[EXERCISE DATA Boundary: Start]
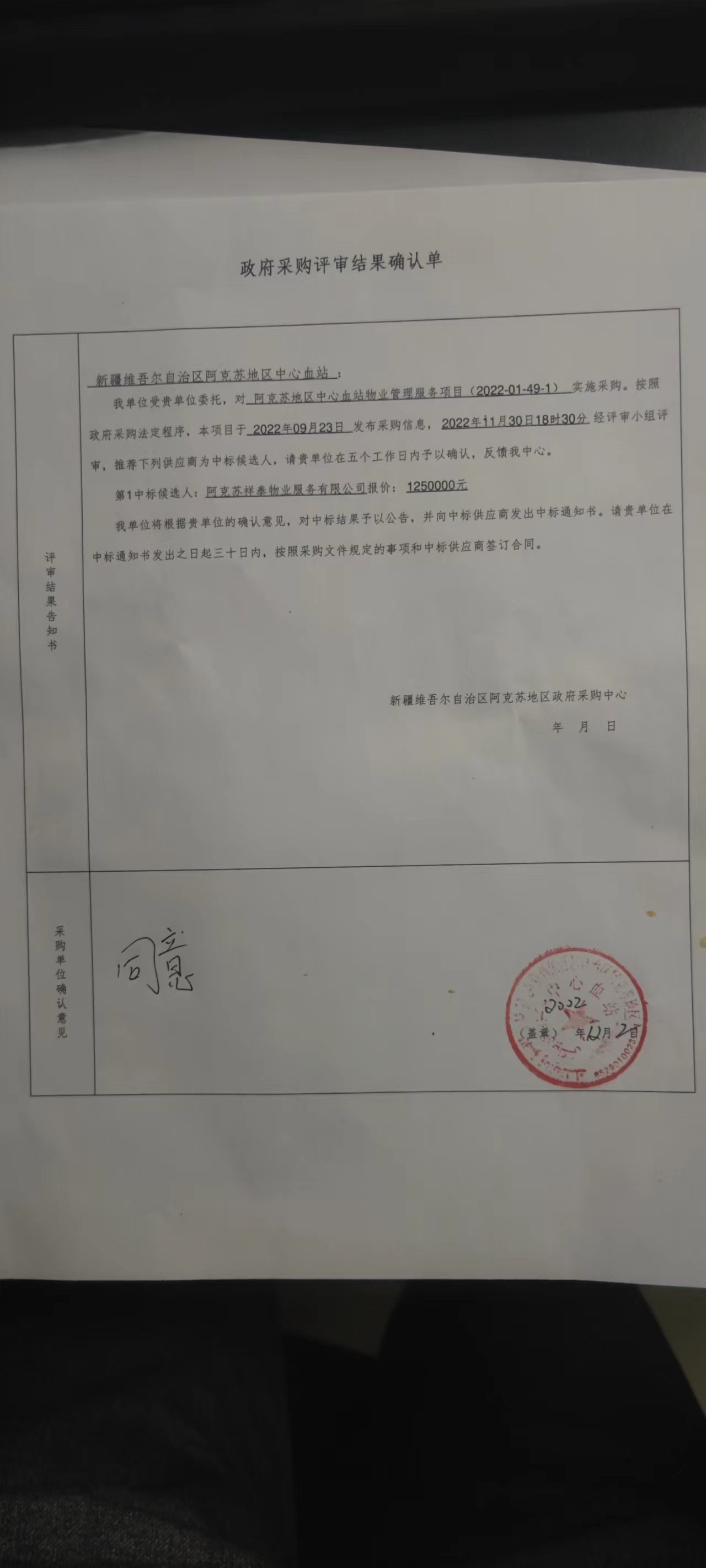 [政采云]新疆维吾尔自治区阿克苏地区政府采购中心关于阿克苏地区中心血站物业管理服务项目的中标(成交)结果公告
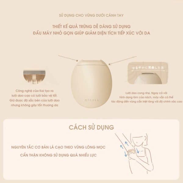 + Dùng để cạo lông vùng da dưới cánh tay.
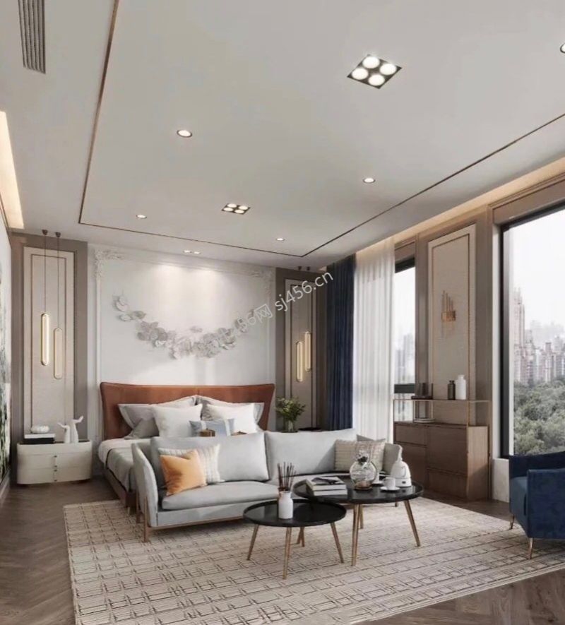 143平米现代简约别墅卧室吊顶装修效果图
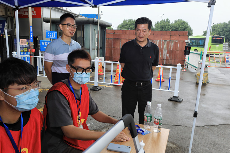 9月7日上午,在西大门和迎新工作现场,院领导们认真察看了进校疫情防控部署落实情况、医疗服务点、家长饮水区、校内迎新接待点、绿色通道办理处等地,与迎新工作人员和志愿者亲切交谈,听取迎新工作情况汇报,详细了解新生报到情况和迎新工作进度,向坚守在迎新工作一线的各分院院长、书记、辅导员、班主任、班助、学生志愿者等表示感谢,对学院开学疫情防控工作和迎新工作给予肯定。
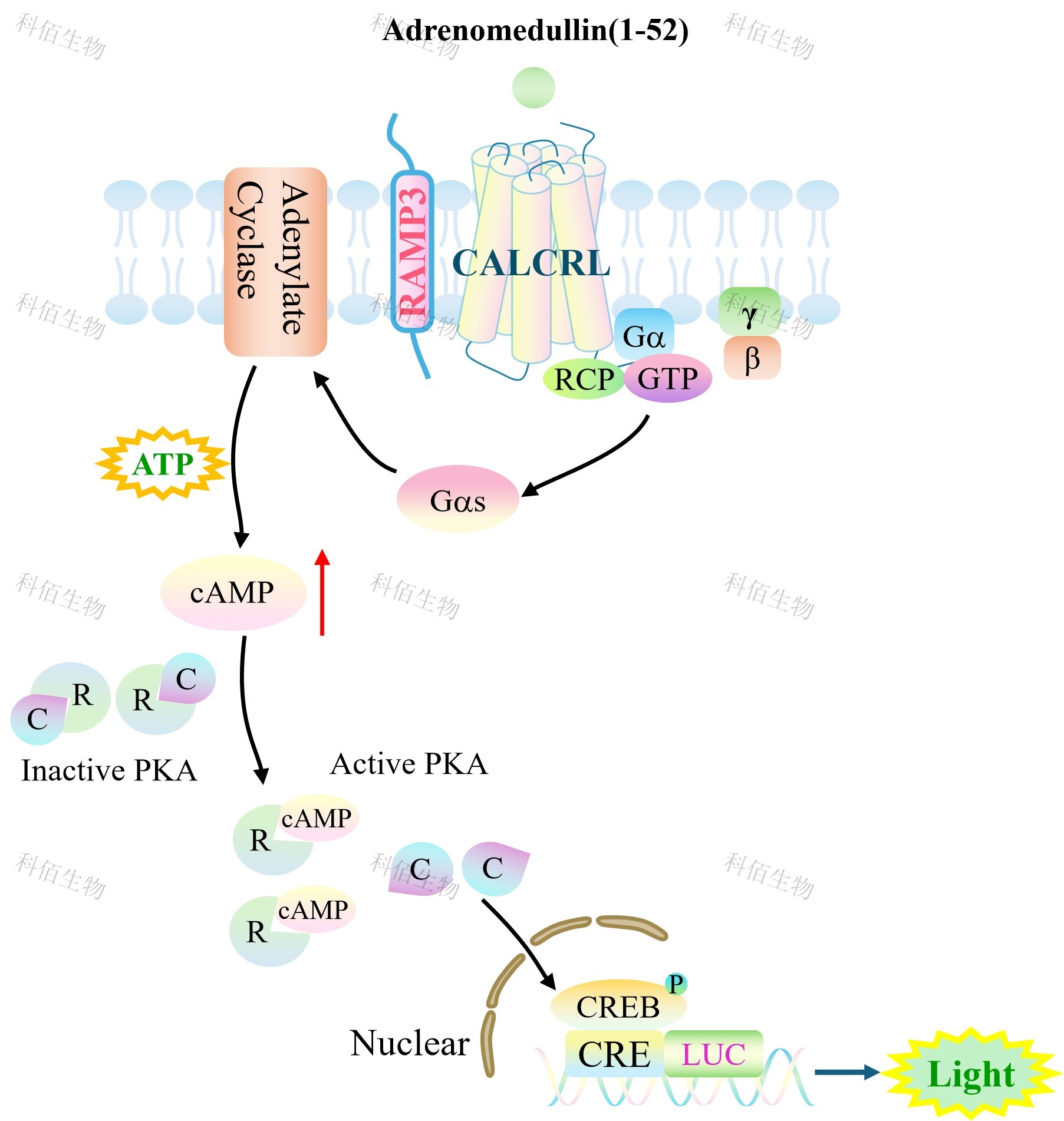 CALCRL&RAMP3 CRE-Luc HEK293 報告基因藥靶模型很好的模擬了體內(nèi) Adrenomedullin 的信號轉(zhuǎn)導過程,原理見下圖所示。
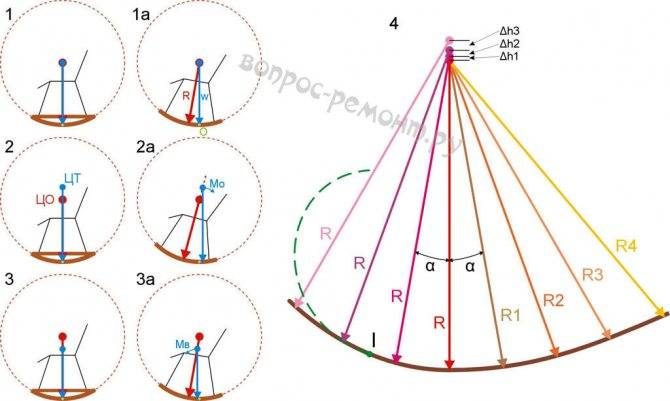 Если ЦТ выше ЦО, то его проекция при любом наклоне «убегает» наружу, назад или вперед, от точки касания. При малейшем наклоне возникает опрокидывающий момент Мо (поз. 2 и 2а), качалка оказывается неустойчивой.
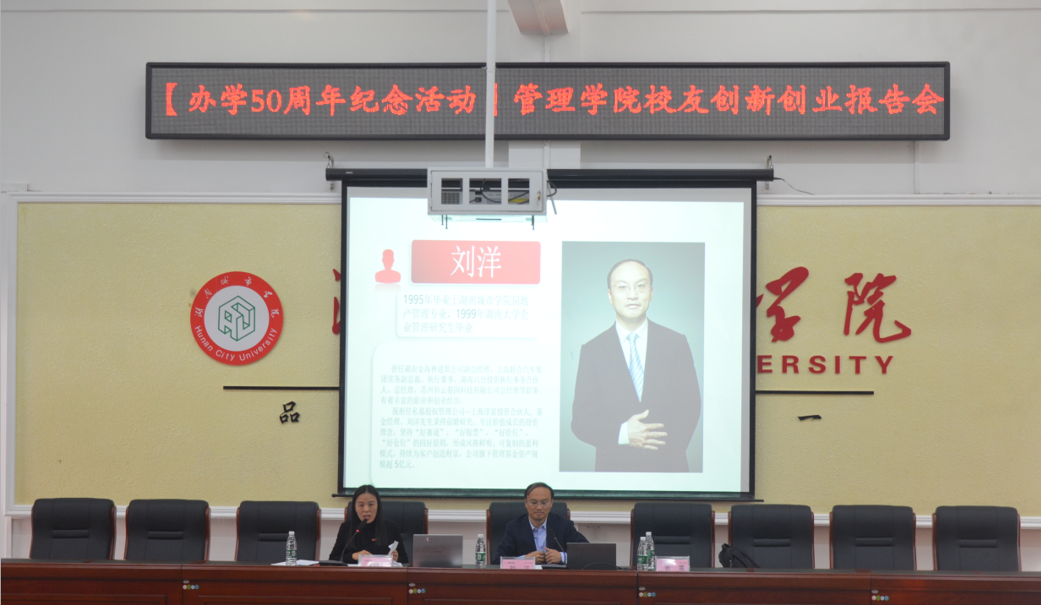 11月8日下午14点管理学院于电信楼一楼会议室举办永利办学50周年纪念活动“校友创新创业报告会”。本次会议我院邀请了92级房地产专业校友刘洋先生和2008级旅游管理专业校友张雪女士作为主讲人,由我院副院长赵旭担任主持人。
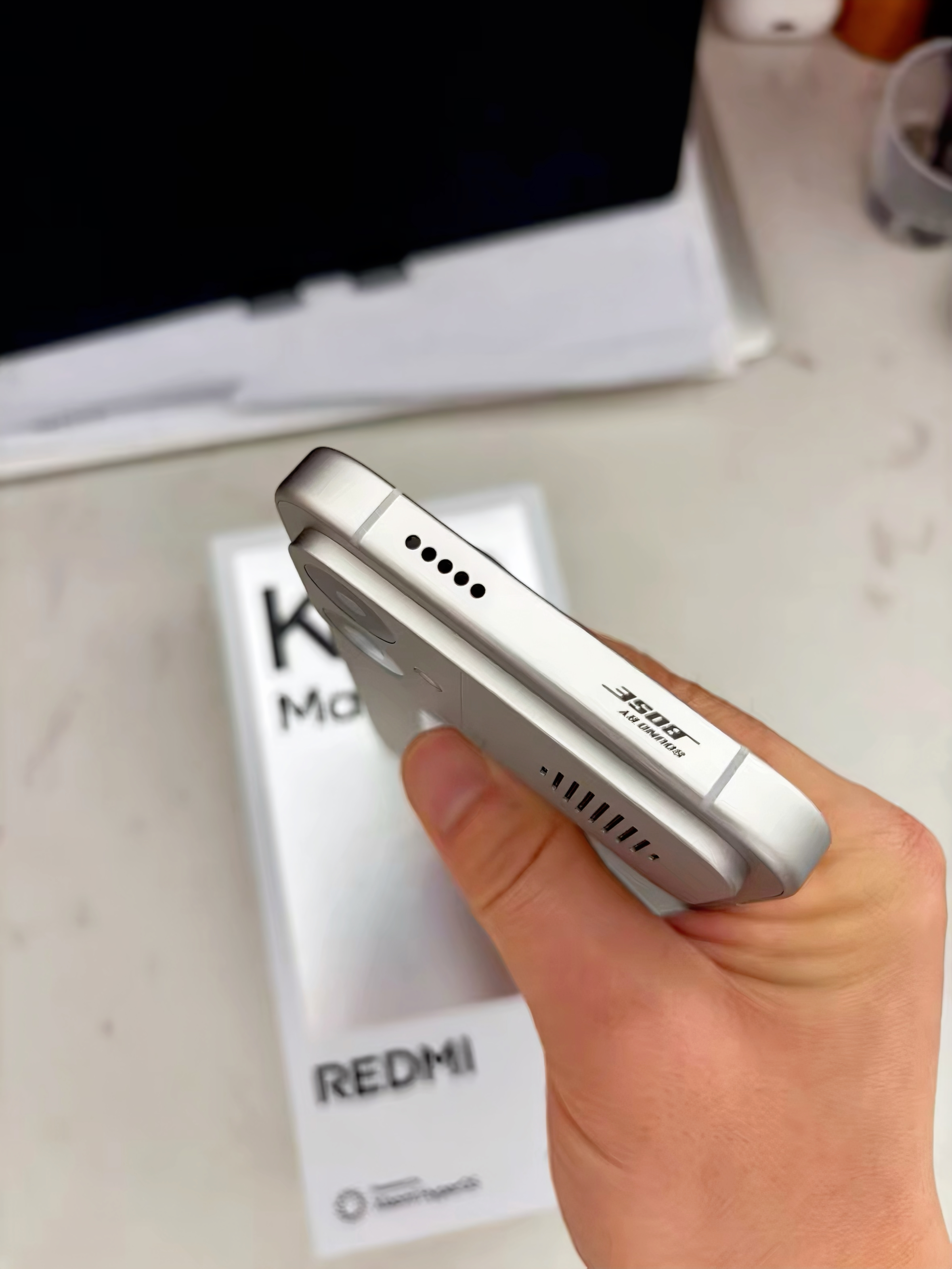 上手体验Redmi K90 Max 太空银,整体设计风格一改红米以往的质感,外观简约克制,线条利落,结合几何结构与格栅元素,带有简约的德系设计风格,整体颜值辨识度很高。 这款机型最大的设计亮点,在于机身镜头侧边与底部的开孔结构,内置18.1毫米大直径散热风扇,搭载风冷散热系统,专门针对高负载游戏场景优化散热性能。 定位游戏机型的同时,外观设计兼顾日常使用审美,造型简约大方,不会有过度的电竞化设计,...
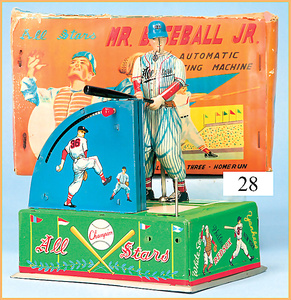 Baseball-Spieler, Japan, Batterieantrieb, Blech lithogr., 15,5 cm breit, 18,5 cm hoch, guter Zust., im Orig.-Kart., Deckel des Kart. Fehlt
[EXERCISE DATA Boundary: End]
WORK REQUIRED ▸ The records above are to be copied exactly, with no pictures carried over.

EXERCISE SOLUTION ▸
 [政采云]新疆维吾尔自治区阿克苏地区政府采购中心关于阿克苏地区中心血站物业管理服务项目的中标(成交)结果公告
 + Dùng để cạo lông vùng da dưới cánh tay.
 143平米现代简约别墅卧室吊顶装修效果图
 9月7日上午,在西大门和迎新工作现场,院领导们认真察看了进校疫情防控部署落实情况、医疗服务点、家长饮水区、校内迎新接待点、绿色通道办理处等地,与迎新工作人员和志愿者亲切交谈,听取迎新工作情况汇报,详细了解新生报到情况和迎新工作进度,向坚守在迎新工作一线的各分院院长、书记、辅导员、班主任、班助、学生志愿者等表示感谢,对学院开学疫情防控工作和迎新工作给予肯定。
 CALCRL&RAMP3 CRE-Luc HEK293 報告基因藥靶模型很好的模擬了體內(nèi) Adrenomedullin 的信號轉(zhuǎn)導過程,原理見下圖所示。
 Если ЦТ выше ЦО, то его проекция при любом наклоне «убегает» наружу, назад или вперед, от точки касания. При малейшем наклоне возникает опрокидывающий момент Мо (поз. 2 и 2а), качалка оказывается неустойчивой.
 11月8日下午14点管理学院于电信楼一楼会议室举办永利办学50周年纪念活动“校友创新创业报告会”。本次会议我院邀请了92级房地产专业校友刘洋先生和2008级旅游管理专业校友张雪女士作为主讲人,由我院副院长赵旭担任主持人。
 上手体验Redmi K90 Max 太空银,整体设计风格一改红米以往的质感,外观简约克制,线条利落,结合几何结构与格栅元素,带有简约的德系设计风格,整体颜值辨识度很高。 这款机型最大的设计亮点,在于机身镜头侧边与底部的开孔结构,内置18.1毫米大直径散热风扇,搭载风冷散热系统,专门针对高负载游戏场景优化散热性能。 定位游戏机型的同时,外观设计兼顾日常使用审美,造型简约大方,不会有过度的电竞化设计,...
 Baseball-Spieler, Japan, Batterieantrieb, Blech lithogr., 15,5 cm breit, 18,5 cm hoch, guter Zust., im Orig.-Kart., Deckel des Kart. Fehlt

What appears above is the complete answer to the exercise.